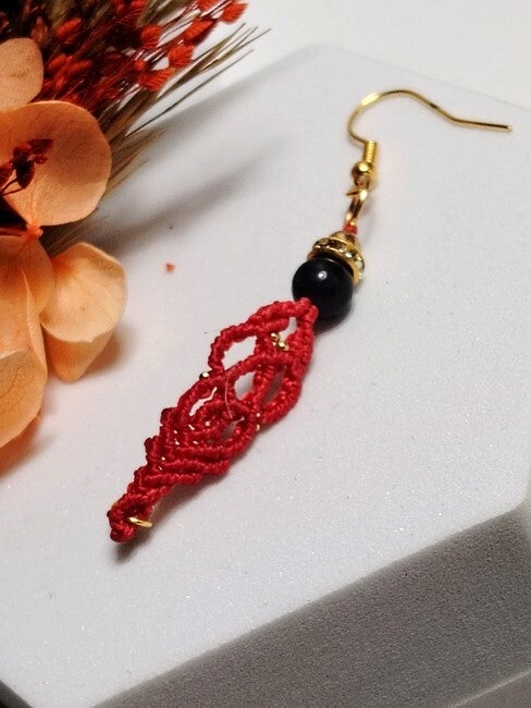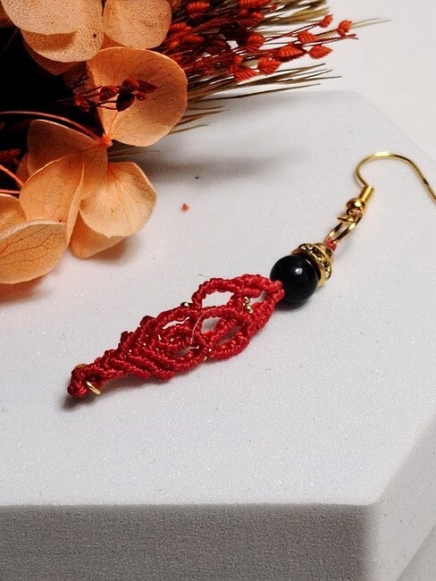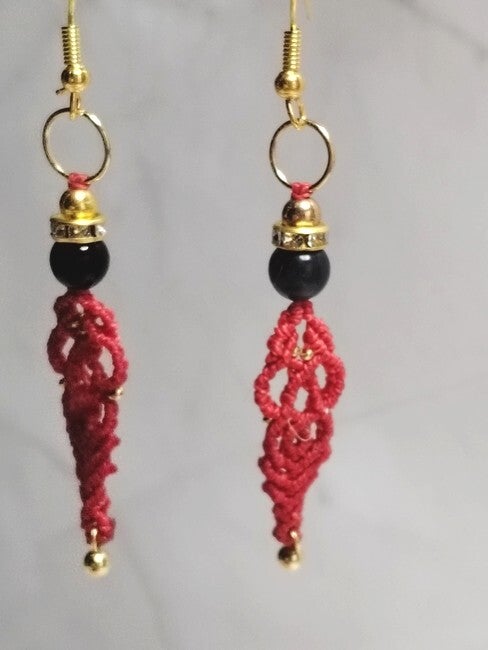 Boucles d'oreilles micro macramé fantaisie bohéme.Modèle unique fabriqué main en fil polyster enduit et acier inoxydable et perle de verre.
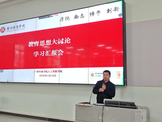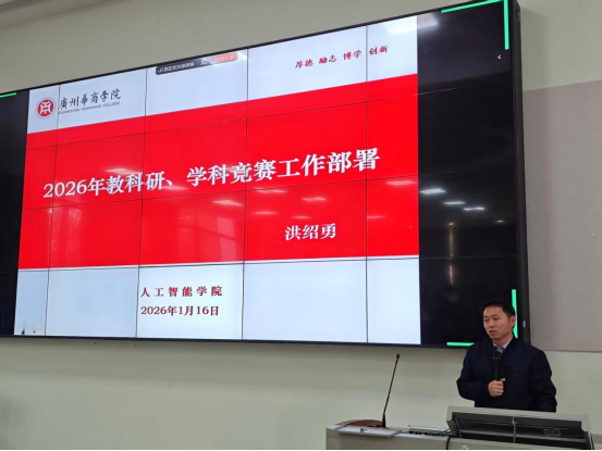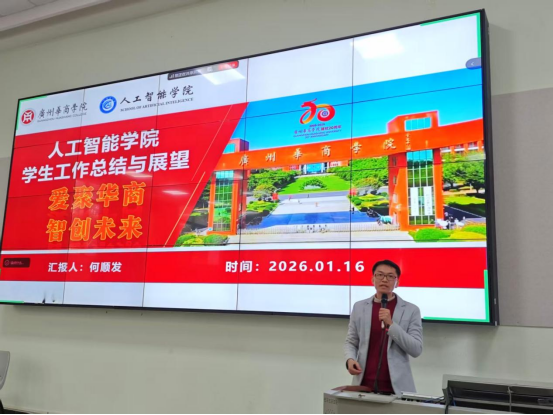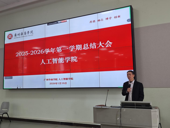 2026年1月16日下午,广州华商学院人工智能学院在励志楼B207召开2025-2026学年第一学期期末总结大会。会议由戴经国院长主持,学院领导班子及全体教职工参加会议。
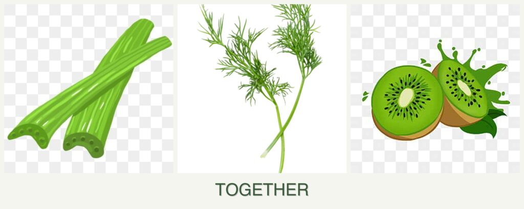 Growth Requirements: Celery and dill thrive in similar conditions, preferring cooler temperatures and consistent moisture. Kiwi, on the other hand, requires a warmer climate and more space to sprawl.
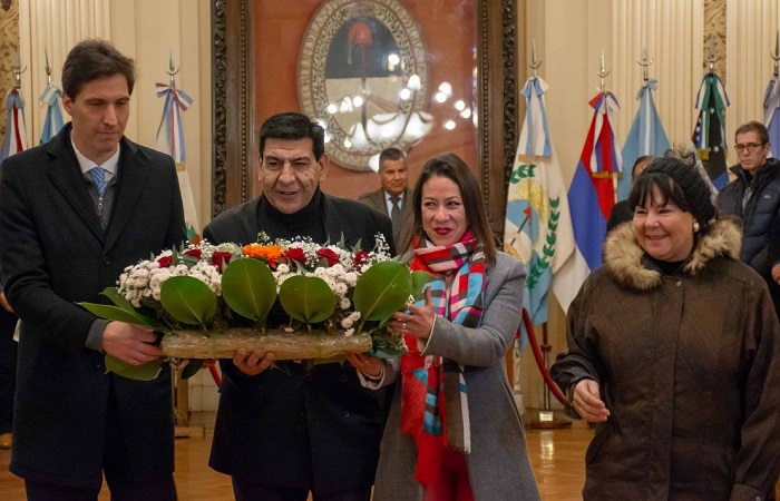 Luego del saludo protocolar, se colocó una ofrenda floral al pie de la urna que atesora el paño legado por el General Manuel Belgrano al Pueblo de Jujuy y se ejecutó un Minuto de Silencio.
━━━━━━━━━━━━━━━━━━━━━━━━━━━━━━
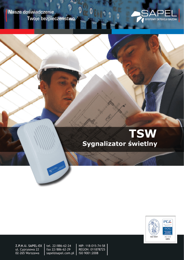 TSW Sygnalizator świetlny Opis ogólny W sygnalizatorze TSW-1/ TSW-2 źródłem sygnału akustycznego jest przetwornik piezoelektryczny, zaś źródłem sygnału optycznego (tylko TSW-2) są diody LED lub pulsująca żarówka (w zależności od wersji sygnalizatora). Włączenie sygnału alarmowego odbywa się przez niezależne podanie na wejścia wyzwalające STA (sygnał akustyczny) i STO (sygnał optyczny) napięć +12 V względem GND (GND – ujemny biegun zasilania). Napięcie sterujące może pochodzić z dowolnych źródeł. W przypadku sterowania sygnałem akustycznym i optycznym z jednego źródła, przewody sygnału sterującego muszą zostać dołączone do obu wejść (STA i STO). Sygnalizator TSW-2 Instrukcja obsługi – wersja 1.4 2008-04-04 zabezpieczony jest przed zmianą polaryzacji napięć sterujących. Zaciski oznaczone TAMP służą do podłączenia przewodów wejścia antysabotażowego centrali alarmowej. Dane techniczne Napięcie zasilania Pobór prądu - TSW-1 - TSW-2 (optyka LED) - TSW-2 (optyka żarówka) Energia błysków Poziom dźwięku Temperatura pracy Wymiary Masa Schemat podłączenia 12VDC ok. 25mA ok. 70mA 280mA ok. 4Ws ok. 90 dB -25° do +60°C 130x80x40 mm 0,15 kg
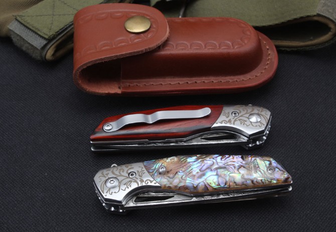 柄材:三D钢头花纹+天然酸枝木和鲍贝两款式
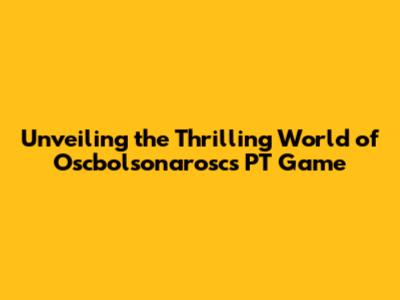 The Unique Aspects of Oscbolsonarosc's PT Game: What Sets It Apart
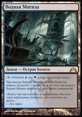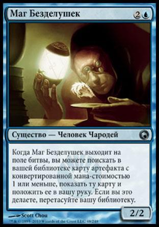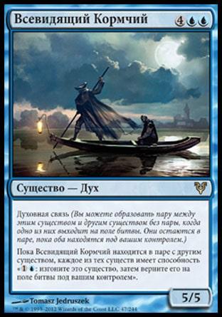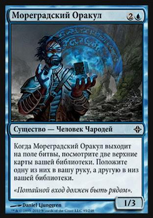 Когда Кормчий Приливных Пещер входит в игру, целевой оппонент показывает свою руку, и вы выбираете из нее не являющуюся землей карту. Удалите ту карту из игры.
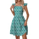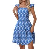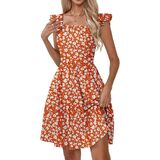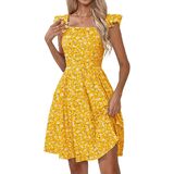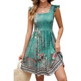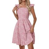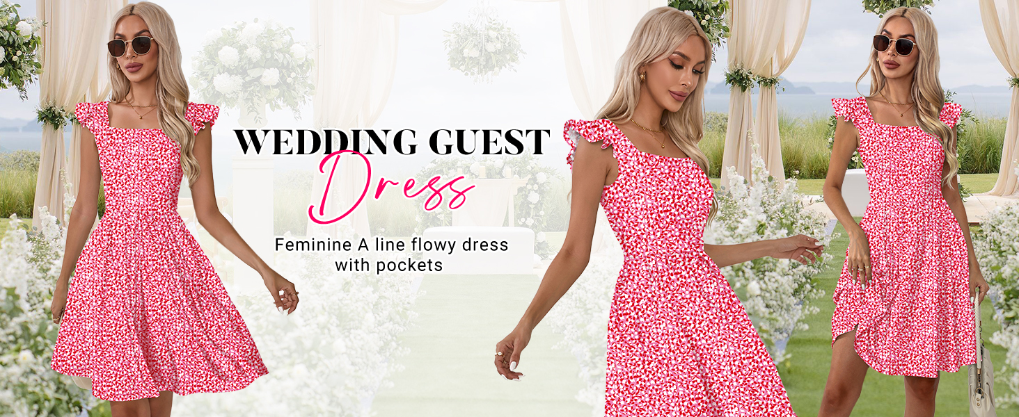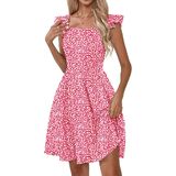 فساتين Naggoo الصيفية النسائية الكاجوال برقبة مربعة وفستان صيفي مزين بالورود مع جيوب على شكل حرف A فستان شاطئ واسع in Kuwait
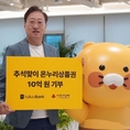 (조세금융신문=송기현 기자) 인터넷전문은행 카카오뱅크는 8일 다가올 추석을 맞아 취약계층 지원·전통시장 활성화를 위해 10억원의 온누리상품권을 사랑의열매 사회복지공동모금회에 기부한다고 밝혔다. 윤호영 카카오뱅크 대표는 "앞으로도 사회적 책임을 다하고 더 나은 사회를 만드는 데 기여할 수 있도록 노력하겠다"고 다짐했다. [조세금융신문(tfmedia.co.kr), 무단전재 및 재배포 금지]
━━━━━━━━━━━━━━━━━━━━━━━━━━━━━━
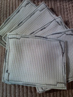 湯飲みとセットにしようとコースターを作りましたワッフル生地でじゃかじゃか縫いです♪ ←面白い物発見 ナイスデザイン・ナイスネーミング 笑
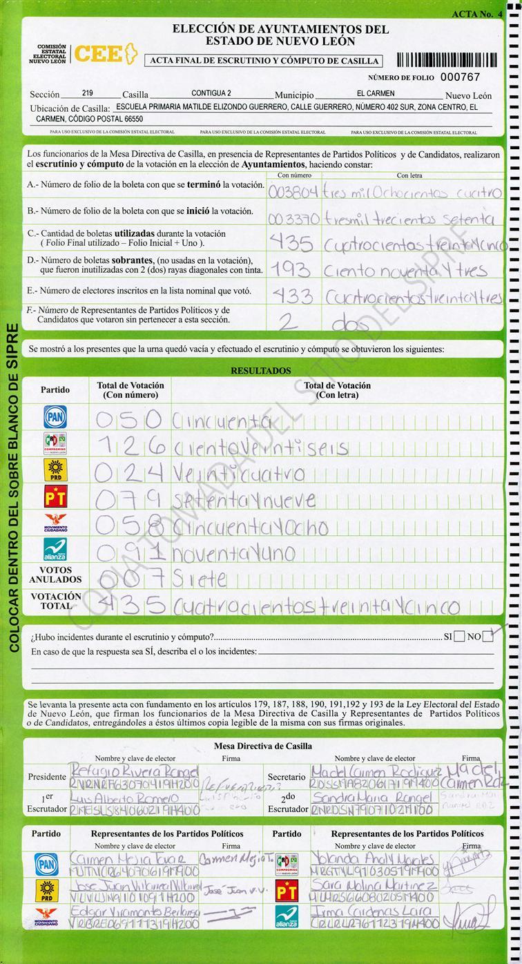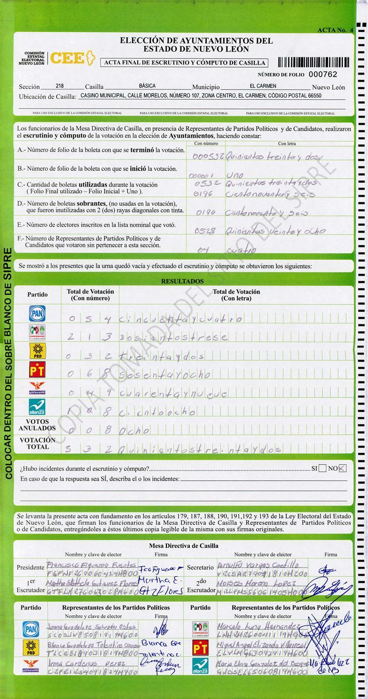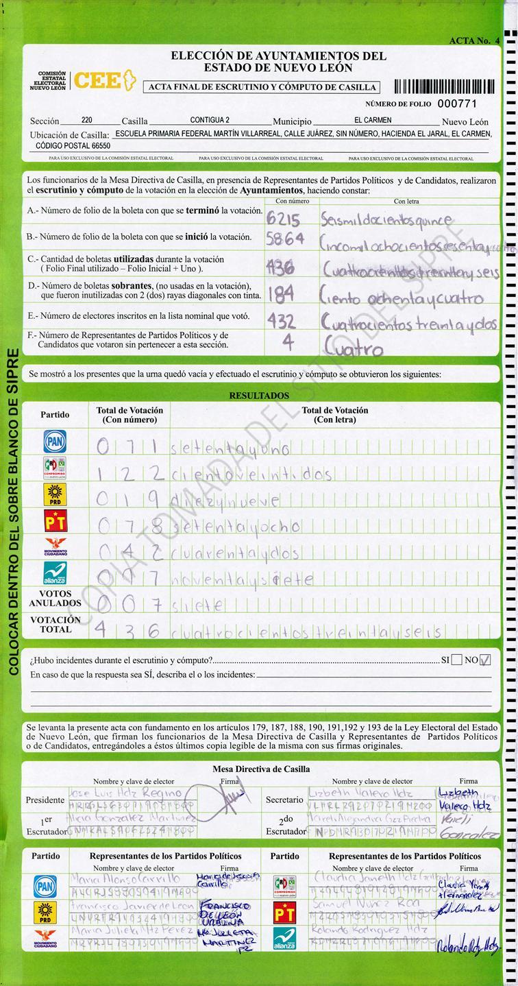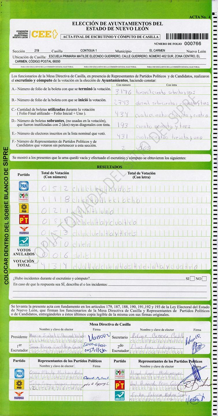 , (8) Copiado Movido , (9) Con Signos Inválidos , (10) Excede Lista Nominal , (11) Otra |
━━━━━━━━━━━━━━━━━━━━━━━━━━━━━━
YOUR INSTRUCTIONS. What belongs in the answer is each line above from the line with "2026年1月16日下午,广" to the line with "Luego del saludo", inclusive, reproduced exactly and free of pictures.

WRITTEN ANSWER.
 2026年1月16日下午,广州华商学院人工智能学院在励志楼B207召开2025-2026学年第一学期期末总结大会。会议由戴经国院长主持,学院领导班子及全体教职工参加会议。
 Growth Requirements: Celery and dill thrive in similar conditions, preferring cooler temperatures and consistent moisture. Kiwi, on the other hand, requires a warmer climate and more space to sprawl.
 Luego del saludo protocolar, se colocó una ofrenda floral al pie de la urna que atesora el paño legado por el General Manuel Belgrano al Pueblo de Jujuy y se ejecutó un Minuto de Silencio.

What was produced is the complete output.